Udo Lattek machte den FC Bayern München zum besten Team Europas und die Säbener Straße zur festen Adresse für großes Fußball-Entertainment. Heute wäre der Jahrhundertcoach 85 Jahre alt geworden.
Als der gebürtige Ostpreuße am 13. März 1970 seinen Dienst beim FC Bayern antrat, haute er gleich mächtig auf die Pauke. Den Reportern diktierte er formschlank in die Blöcke: „Ich habe an einem 13. geheiratet und führe seit Jahren eine glückliche Ehe. Ich habe am Freitag, dem 13., den FC Bayern übernommen und bin sicher, dass auch diese Ehe gut gehen wird.“ Hoppla, das waren aber ganz andere Töne, als die Münchner Journaille bis dato von dem feinsinnigen Violinisten Branko Zebec gewohnt war. Da machte ein sportlich weithin unbeschriebenes Blatt, das soeben den amtierenden Meister übernommen hatte, aber mächtig Wind.

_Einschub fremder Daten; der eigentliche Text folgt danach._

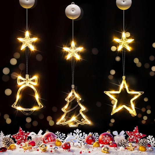 SUDDUS 3-Pack Battery Operated Window LED Lights with Suction Cups, Tree + Bell + Star Icons, Multicolor Hanging String Lights with Timer for Indoor Holiday Décor

Lattek war sich bewusst, dass er mangels großer Erfolge als Aktiver als Trainer andere Qualitäten an den Tag legen musste, um im konservativ geprägten Profifußball anerkannt zu werden. Während des Studiums an der Kölner Sporthochschule träumte er davon, sein Geld als Sportreporter zu verdienen. Bis auf ein paar Oberligaspiele für Bayer Leverkusen und Osnabrück hatte er es als Spieler nicht weit gebracht. Dann wurde er auf Geheiß seines Ausbilders Hennes Weisweiler zum Coach der Jugendnationalelf und reiste als Assistent von Helmut Schön zur WM 1966.
Der Jungcoach besaß ein Händchen für die neue Generation von Hochbegabten, zu denen in England auch Franz Beckenbauer und Sepp Maier gehörten. Als examinierter Akademiker aber wusste er auch die Post-68er-Generation im Nachwuchs des DFB zu händeln, Uli Hoeneß und Paul Breitner. Und als im Frühjahr 1970 einem Bayern-Kader aus Begnadeten der Drill des schwermütigen Meistermachers Zebec zusehends auf die Nerven ging, votierten die Spieler für den launigen Erzähler mit der hohen Stirn.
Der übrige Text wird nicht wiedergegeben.